The grabbing of power and wealth by those in power can best be demonstrated by the reform of China’s former State enterprises. The majority of corruption cases have been related to the reform of the State enterprises. The reform took several steps – the first was to transform the State enterprises into independent, profit seeking legal entities[5]. On October 20, 1985, the Twelfth Congress of the Central Committee of the Chinese Communist Party passed legislation entitled The Economic Structure Reform. This legislation reaffirmed the temporary regulation, which granted managers in State enterprises the autonomy to manage their own affairs[6]. It allowed individual enterprises to retain portions of their profits and to re-invest the profits as they saw fit. The managers were allowed to dispose of unused productive facilities by renting, leasing, or selling them. In addition, management was given the right to discipline and promote workers, and, under the broad guidelines, to dictate their own wage system. This legislation declared that the State would no longer intervene directly in the affairs of individual enterprises; the State would only influence production through indirect policies, such as price, taxes, and credit/loan policies. The passage of The Economic Structure Reform meant that even though the State still “legally owned” these enterprises, it relinquished the economic ownership of the means of production to the management; it fundamentally changed the meaning of State ownership of the means of production. Each enterprise thus became a separate entity, and management had considerable autonomy to run it like a business enterprise. The goal of each enterprise was no longer to fulfill an overall economic plan but to pursue its own profits.

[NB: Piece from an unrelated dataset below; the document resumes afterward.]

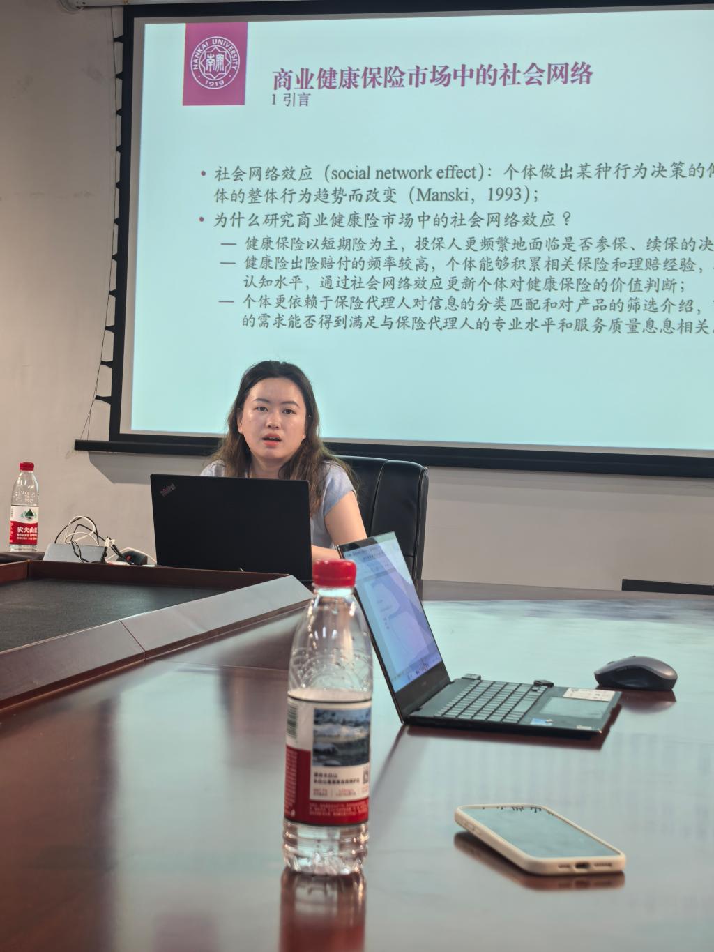 杜老师首先以“亲缘/血缘网络:家庭参保的‘隐形推手’”为题,分析了扩展家庭网络在参保决策中的正向效应。然后,她以“地缘网络:村居续保中的逆向选择放大”为题,针对巴基斯坦小额健康保险项目,发现地缘社会网络对续保决策和逆向选择具有双重作用。最后,杜老师以“业缘网络:代理人层级结构的政策响应”为题,探讨了保险代理人网络在监管改革后的动态变化。

Following the passage of the Economic Structure Reform the State began to contract out State enterprises to individuals or teams of managers. Who had the opportunity to contract these enterprises? Only those who were in positions of power or those who had close connections could obtained such contracts. After the enterprises were contracted out, the State took another step by “fang quan rang li” – meaning the State broadened the power it relinquished to management and gave management a bigger portion of the profits. Later, “li gai sui” was implemented, which meant the management no longer needed to hand in any portion of the profits. Instead, they paid the State taxes on the enterprise’s earnings.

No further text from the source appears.